Problem/Motivation
Html::load() + Html::serialize() produces different output across environments.
Steps to reproduce
use Drupal\Component\Utility\Html;
$source = <<<EOT
<table>
<tr>
<td>L</td>
<td>R</td>
</tr>
</table>
EOT;
$document = Html::load($source);
$out = Html::serialize($document);
var_export($out);
Run this in different environments.
Sometimes the output is like so:
<table>
<tr>
<td>L</td>
<td>R</td>
</tr>
</table>
Other times it is like so:
<table><tr><td>L</td>
<td>R</td>
</tr></table>
This has no practical effect in most cases, but it causes inconsistency in unit tests.
(Unforutnately I can't tell which differences in the env cause this inconsistency)
Proposed resolution
Pass either LIBXML_HTML_NODEFDTD or LIBXML_NOBLANKS to DOMDocument->loadHTML(), inside Html::load().
One of them consistently removes these line breaks, the other consistently preserves them.
If BC is a concern, we could add an optional parameter to Html::load(), to control this behavior.
And then in FilterHtml we could provide this parameter.
Remaining tasks
User interface changes
API changes
Data model changes
Release notes snippet
Comment | File | Size | Author |
---|---|---|---|
#19 | 3204929-19.patch | 1.51 KB | longwave |
#14 | 3204929-14.patch | 484 bytes | longwave |
#15 | 3204929-15.patch | 762 bytes | longwave |
Comments
Comment #2
cilefen CreditAttribution: cilefen commentedInteresting! I suppose it is something to do with the system's libxml.
Comment #3
longwaveCan you describe the two different environments a bit (OS, PHP version, etc), it may give someone enough info to find the root cause.
Comment #4
donquixote CreditAttribution: donquixote commentedPossibly.
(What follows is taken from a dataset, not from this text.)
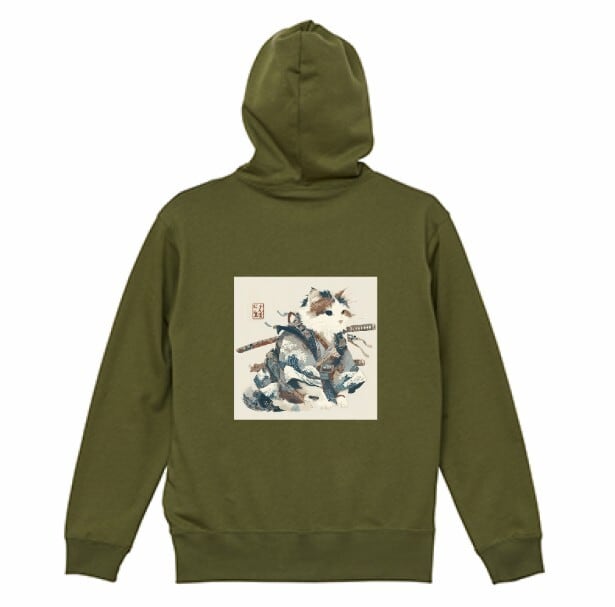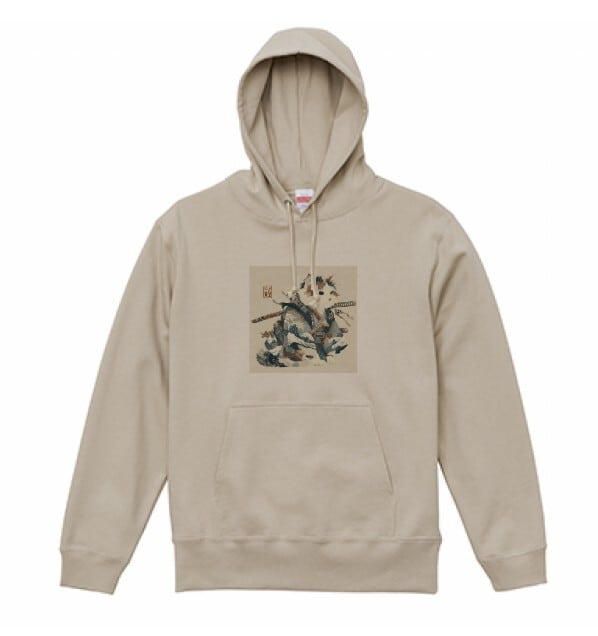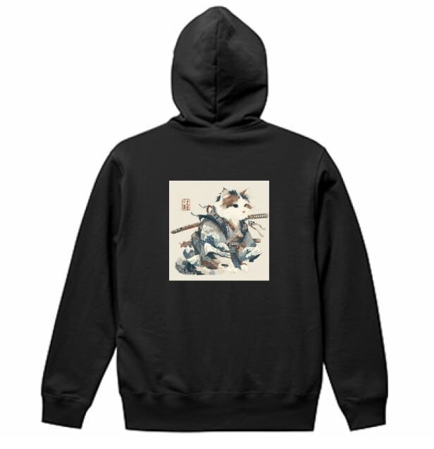 「 波を纏う武士猫、見参」プルオーバーパーカー/ "The Wave-Clad Samurai Cat Appears" Pullover Hoodie

But I was not able to put my finger on it.
So, the PHP extensions are not so different.
I suspect the main difference lies in libxml libraries installed on system level.
Comparing
apt-cache policy libxml2
Comment #5
donquixote CreditAttribution: donquixote commentedBtw I doubt that it has anything to do with php version.
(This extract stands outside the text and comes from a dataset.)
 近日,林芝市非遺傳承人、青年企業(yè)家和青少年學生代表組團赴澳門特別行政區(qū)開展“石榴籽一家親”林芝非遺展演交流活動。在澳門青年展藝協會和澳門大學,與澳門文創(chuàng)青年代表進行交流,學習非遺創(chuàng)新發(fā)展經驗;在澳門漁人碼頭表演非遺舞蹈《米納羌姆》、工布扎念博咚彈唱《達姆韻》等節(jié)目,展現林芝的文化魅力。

There is no difference between versions here: https://3v4l.org/2jSIa
Comment #6
donquixote CreditAttribution: donquixote commentedhttps://stackoverflow.com/a/36710186/246724
Comment #7
donquixote CreditAttribution: donquixote commentedSo I can confirm that the change is due to the version of the libxml2 library on system level (NOT the php extension).
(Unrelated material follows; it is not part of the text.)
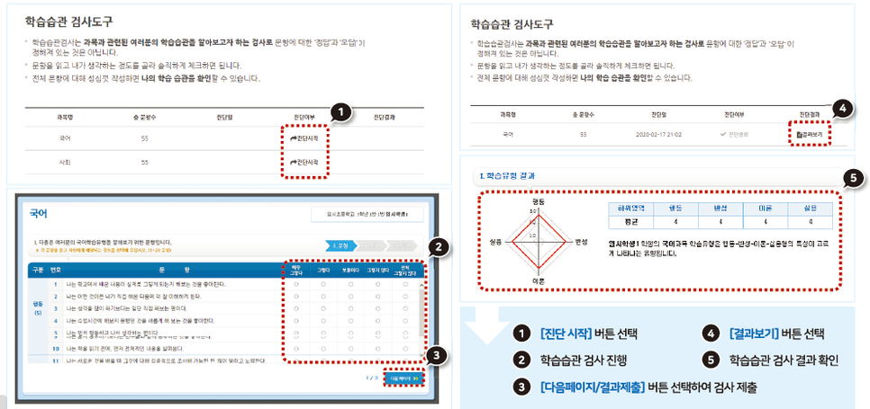 “학습습관 검사도구”는 초등 저학년, 고학년, 중등이 대상이며 학습 유형, 학습 전략, 학습 집중에 관한 입체적 리포트를 제공해줍니다.

old: libxml2 2.9.4. Here the line breaks were removed.
new: libxml2 2.9.10. Here the line breaks remain, unless a specific parameter is provided to remove them.
If we want to standardize, we should replicate the behavior from the newer version.
This can be done by passing LIBXML_HTML_NODEFDTD to DOMDocument->loadHTML().
Comment #8
cilefen CreditAttribution: cilefen commentedThat sounds like a plan.
Comment #9
donquixote CreditAttribution: donquixote commentedCould be this commit in libxml2:
https://gitlab.gnome.org/GNOME/libxml2/-/commit/f933c898132f20a50ba39ac6...
Comment #11
longwaveI think I am running into this in existing tests when working on #2441811: Upgrade filter system to HTML5 - that issue would fix this one by using a fixed PHP library for HTML parsing and serialization so any differences should be removed.
Comment #14
longwaveIt's possible this is now affecting core as I get the same failures locally as in HEAD: https://www.drupal.org/pift-ci-job/2431849
Attached patch fixes the filter module tests locally, so let's see how this goes on DrupalCI.
Comment #15
longwaveComment #16
longwaveIf this does fix the tests, as per #7 we should decide whether we want to keep the old behaviour with this flag, or enforce the new behaviour with the other flag and update the tests to match.
Comment #17
andypostLooking at commit https://gitlab.gnome.org/GNOME/libxml2/-/commit/f933c898132f20a50ba39ac6... it looks like #15 should be enough to keep consistency within libxml2 versions
Comment #19
longwaveA similar fix is required for Drupal\Tests\layout_discovery\Kernel\LayoutTest.
I can't reproduce either of the FunctionalJavascript failures locally.
Comment #20
catchIMO if this fixes the tests, let's commit this and open a follow-up for removing the flag (or not if we eventually decided not to).
Comment #22
Spokjei think this patch had given all it can give on fixing the errors in HEAD that are related to this issue.
The remaining failures:
- Seem unrelated to the this patch
- Can't be reproduced locally
So I _think_ they are CI-env related.
I think we should commit this and find out (with the DA) what's going on with the remaining 3 failures.
Bumping priority to Critical, since it's related to failing HEADs.
Comment #26
catchCommitted/pushed to 10.1.x and cherry-picked back through to 9.4.x, thanks!
Comment #27
longwaveOpened #3298822: Preserve whitespace in DOMDocument::loadHTML() calls as followup discussion.